It is characterized by comprising an a1 circuit.

Furthermore, another aspect of the present invention includes an ejection port for ejecting the recording liquid, a liquid path communicating with the ejection port, a liquid chamber communicating with the liquid path, and generating thermal energy used for ejecting the recording liquid. A recording head having an energy generator, a temperature detection means for detecting the temperature of the recording head and/or a recording liquid in the recording head, and a storage tank connected at both ends to the recording head and storing the recording liquid in the middle. a pump provided in the communication path; a switching means provided in the communication path capable of substantially interrupting the flow of the recording liquid in the communication path; and a temperature detected by the temperature detection means. The present invention is characterized by comprising a control circuit for switching the switching means based on information.

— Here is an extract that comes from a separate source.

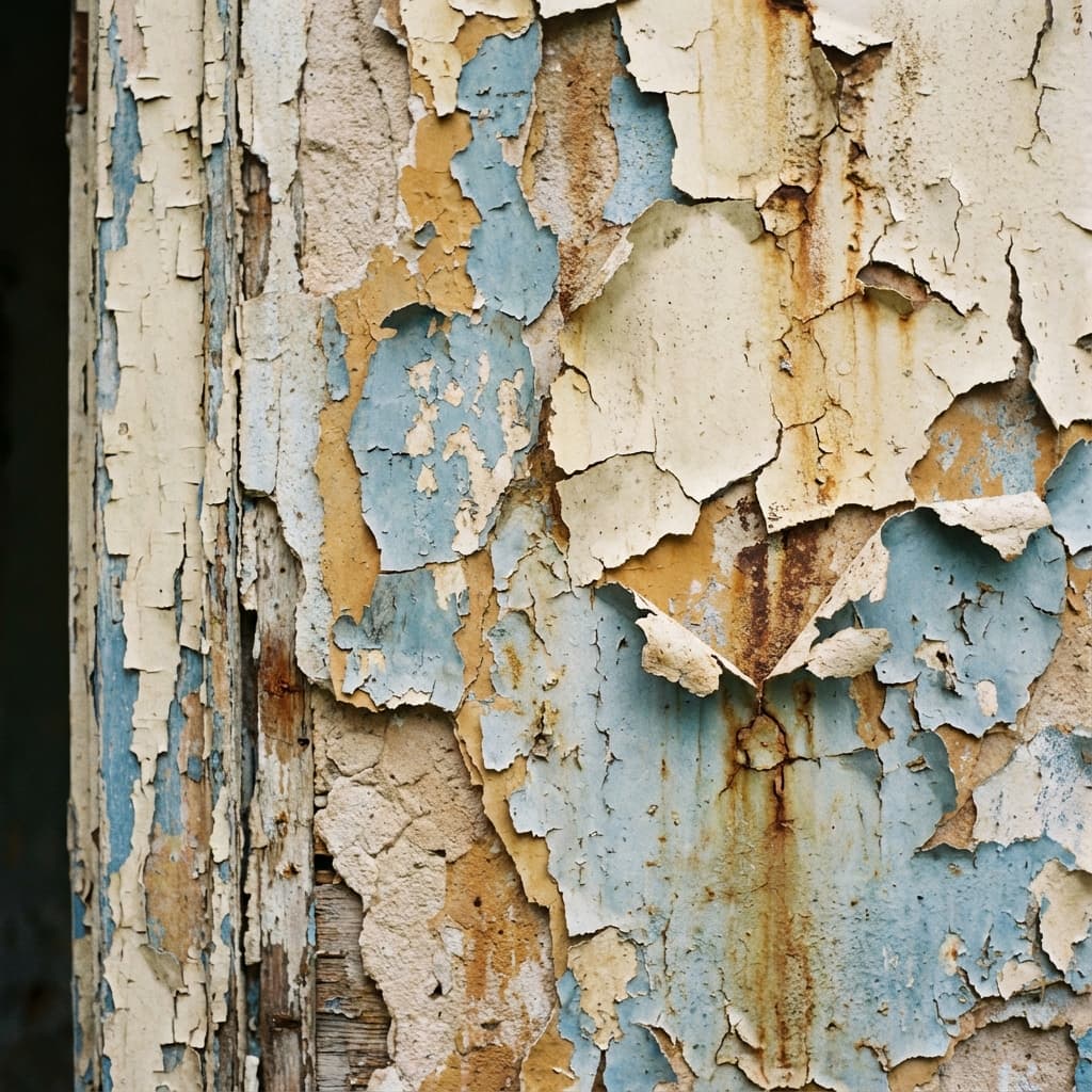Peeling paint, paint on old walls or wooden doors lifting and curling like skin

Furthermore, another aspect of the present invention includes an ejection port for ejecting the recording liquid, a liquid path communicating with the ejection port, a liquid chamber communicating with the liquid path, and generating thermal energy used for ejecting the recording liquid. a recording head having an energy generator, a sub-chamber provided corresponding to a liquid path and/or a liquid chamber, a temperature detection means for detecting the temperature of the recording head and/or the recording liquid in the recording head; A first communication path is connected at both ends to the liquid chamber of the head and has a storage tank for storing recording liquid along the way, and one end is connected to the auxiliary chamber of the recording head and the other end is connected to the first communication path. A plurality of second connecting paths connected to the connecting path, a switching means provided in each of the first connecting path and the second connecting path and capable of substantially interrupting the flow of the recording liquid, and a temperature detecting means. Cut based on temperature information from
It is characterized by having four FF and IJ circuits for switching means.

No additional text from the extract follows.